Funny how perceptions of TCU and its senior quarterback have changed in a year’s time. Last August, coach Gary Patterson’s team was coming off a 4-8 season and putting in a new up-tempo offense with new co-coordinators. There was uncertainty, at least publicly, about whether Boykin would even be the starting quarterback before what was a record-setting season.
“Our mindset really hasn’t changed,” Boykin said this week. “Our mindset is just like we came off a 4-8 season.”
Boykin accounted for 4,608 total yards and 42 touchdowns as TCU finished 12-1, capped by a 42-3 victory over Ole Miss in the Peach Bowl after the playoff snub.
Minnesota got off to a 6-1 start a year ago on way to their second consecutive 8-5 season. That early loss was 30-7 to TCU when the Golden Gophers had five turnovers in Fort Worth. Now they get a prime-time home opener in the return game of the series that Patterson and good friend Jerry Kill reluctantly scheduled in the first place.
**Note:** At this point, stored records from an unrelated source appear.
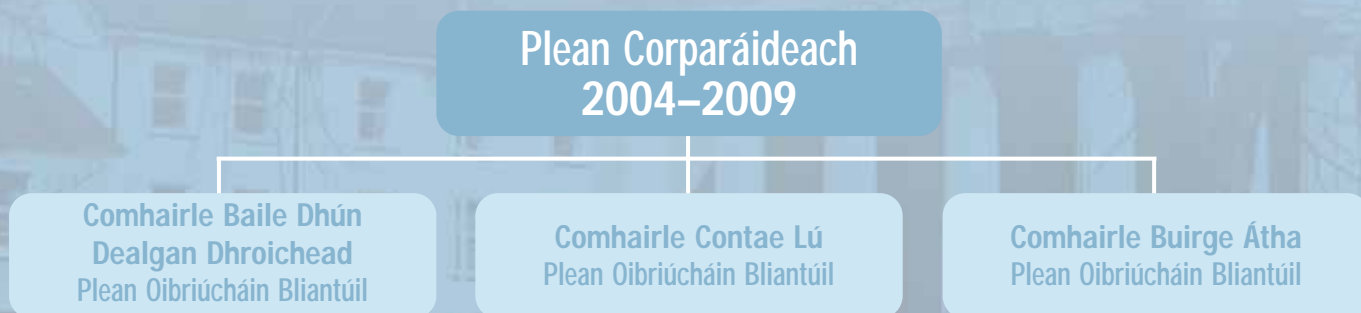
Fíor 1: Próiseas Ullmhúcháin don Phlean Corparáideach (cairt)

Trínár nGrúpa um Beartais Chorparáideacha (GBC), ár gCoistí um Beartais Straitéiseacha (CBS), ár gCoistí um Beartais Chathracha agus fochoistí éagsúla maoirseoidh agus feidhmeoidh Comhairleoirí agus an Fhoireann Bainistíochta feidhmiú an Phlean seo trí na Stiúrtóireachtaí éagsúla. Gach bliain, aibhseofar dul chun cinn ar gach ceann de na spriocanna agus cuspóirí seo sa Tuarascáil Bhliantúil.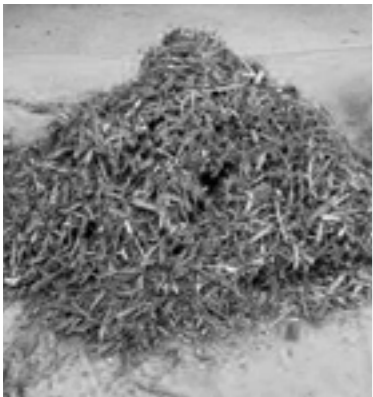
チップ状に粉砕された樹木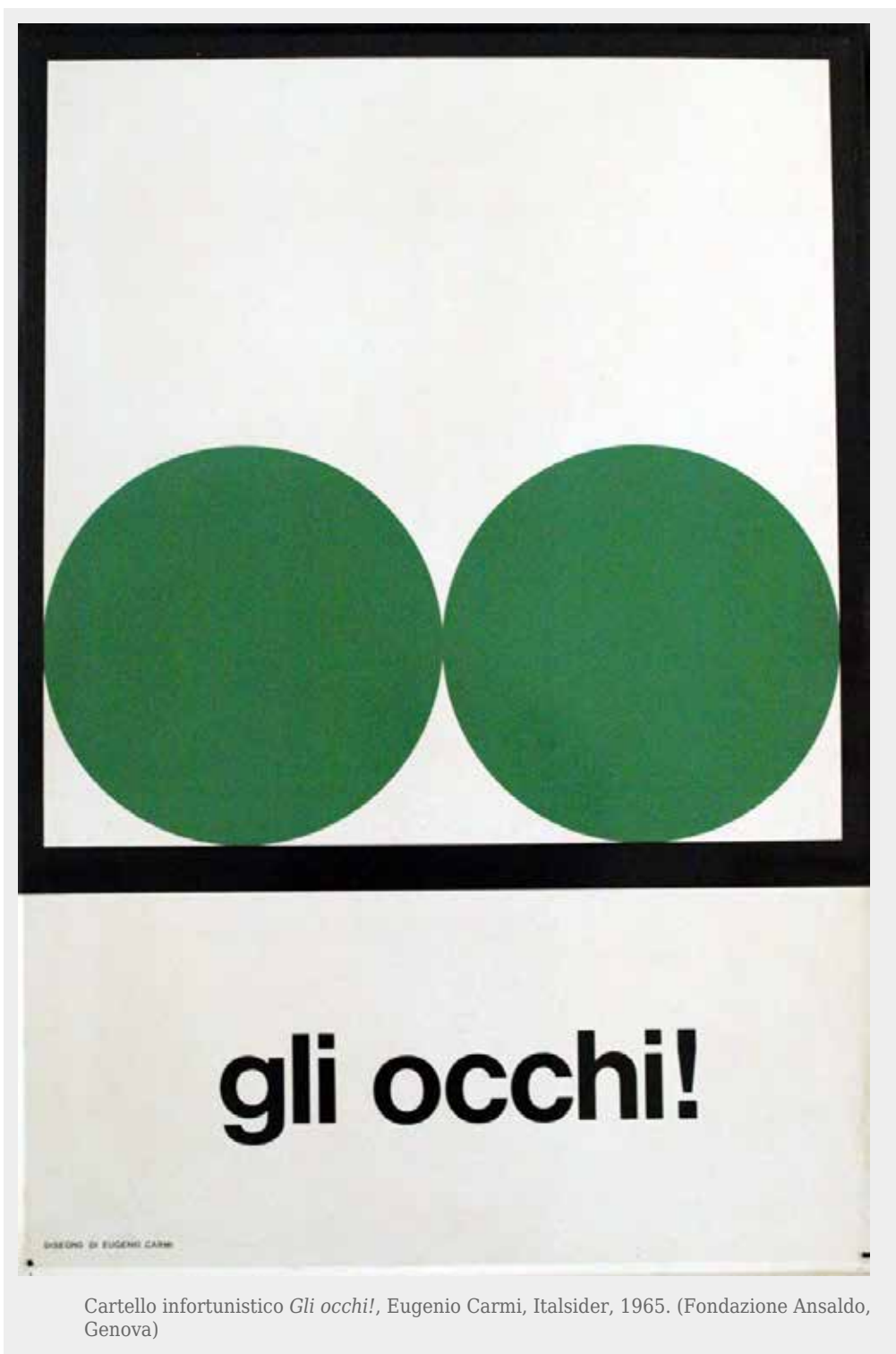
Cartello infortunistico Gli occhi! , Eugenio Carmi, Italsider, 1965. (Fondazione Ansaldo, Genova)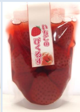
いちごのぴくるす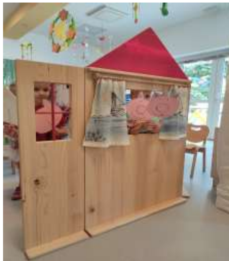
Slika 65. Kratke dramatizacije

Slikovnice, priče i dramatizacije bile su naš prijatelj u prenošenju važnih poruka. Ove godine uveli smo poznate bajke kao što su „Crvenkapica“, „Tri prašćića“, „Vuk i sedam kozlića“, „Mala sirena“, „Vrlo gladna gusjenica“ i još mnoge druge. Uz same slikovnice, počeli smo i s dramatizacijom priča. Priče su bile pokretne, iskakali smo iz lika u lik te koristili svoj govor i tijelo u prepričavanju priča. Djeca su objeručke prihvatila dramatiziranje te ubrzo i sami počeli ulaziti u odabrane likove. Koristimo paravane, lutke i ručno izrađene aplikacije za što atraktivnije priče.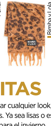
Bimba y Lola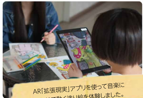
AR「拡張現実」アプリを使って音楽に 合わせて動く塗り絵を体験しました。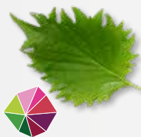
Shiso Leaves Green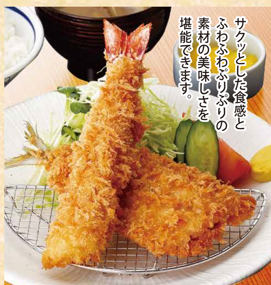
アジフライと海老フライ定食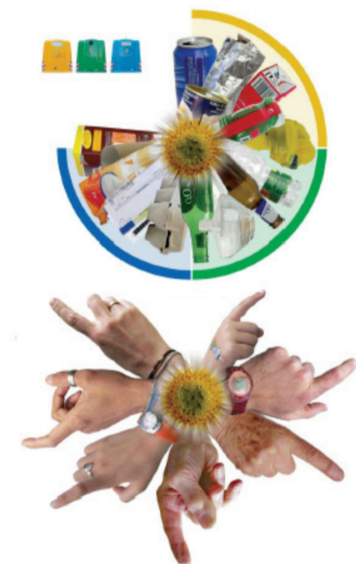
San Markoseko Mankomunitatearen kanpaina berria.

Herri edo eskualde mailako ikerketak ez dira oso ohikoak. Bada, bitxia bada ere, egun beretsuetan bigarren ikerketa soziologikoa abiaraziko da Urnietan. Aurreko ostegunean San Markoseko Mankomunitateak herritarrek birziklatzearekiko duten jarreraz galde egingo duela iragarri zuen, Donostian emandako prentsaurrekoan. Ekainaren 19an hasi eta 23ra bitarte, Gipuzkoako hamar herritan 3.437 inkesta egingo dituzte. Aukeratu dituzten herrien artean daude Hernani, Astigarraga, Lasarte-Oria, Usurbil, Donostia eta Urnietan. Besteak beste, edukiontzi bakoitzean utzi beharrekoaren ezagutzaz edota etxe bakoitzean nork banatzen duen zaborra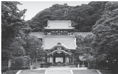
معبد شینتوی تسوروگانوکا هاچیمانگو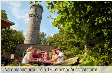
Nordmannsturm – ein 19 m hoher Aussichtsturm

Lust auf einen kulinarischen Stopp am Wegesrand? Unsere Tipps zu Waldgaststätten und Biergärten bieten viele schöne Möglichkeiten, um nach Wander- oder Fahrradtour mitten in der Natur zu entspannen.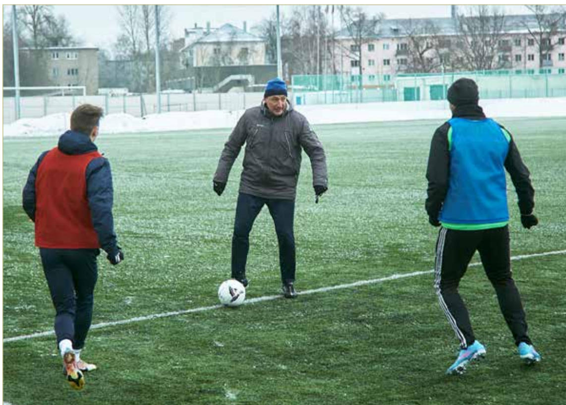
На втором этапе первенства ФНЛ-2 «Электрон» будет бороться за право остаться в турнире.

СОГЛАСНО ОФИЦИАЛЬНОМУ КАЛЕНДАРЮ ВТОРОГО ЭТАПА ПЕРВЕНСТВА ФНЛ-2 МАТЧИ СТАРТУЮТ 2 АПРЕЛЯ, А ЗАВЕРШАТСЯ 10 ИЮНЯ. ПО ПРЕДВАРИТЕЛЬНОЙ ИНФОРМАЦИИ, «ЭЛЕКТРОН» ПЕРВЫЙ ПОЕДИНОК В ВЕСЕННЕЙ ЧАСТИ ТУРНИРА ПРОВЕДЁТ 3 АПРЕЛЯ. ПРОТИВНИК ПОКА НЕИЗВЕСТЕН.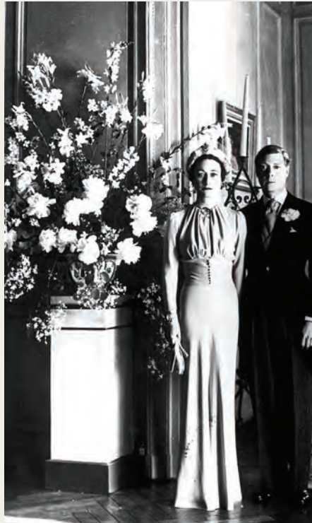
Boeket gemaakt door Constance bij het huwelijk van de Duke of Windsor met Wallis Simpson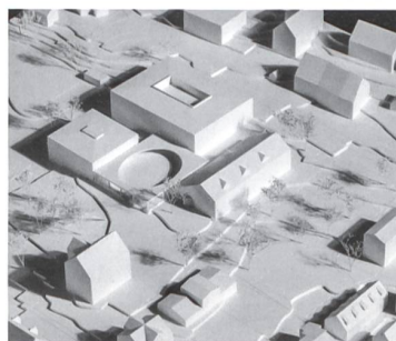
4. Rang / 3. Preis: «Rosso», Fiechter & Salzmann Architekten.

The coaches, both rural Kansas natives, were coy leading up to the game. They didn’t even release depth charts until about 48 hours before kickoff.
“I think it soaked into our players as soon as the offseason started that we were going to open up with somebody that was either going to be No. 1 or No. 2 in the country,” Kill said. “So I think our work habits were different. I think it helped us out tremendously.”
Some other things to know when TCU and Minnesota play:
GOING FASTER: Now that Boykin and the Frogs have a full season of experience in the offense, along with another offseason to work on it with 10 returning starters, the quarterback said they are going to play “as fast as possible. … We know we have a lot of speed on our side.” They will also have more plays at their disposal to start this season than they did in Week 1 last year. “There’s going to be a lot of surprises in this ballgame, even from our offense,” Patterson said.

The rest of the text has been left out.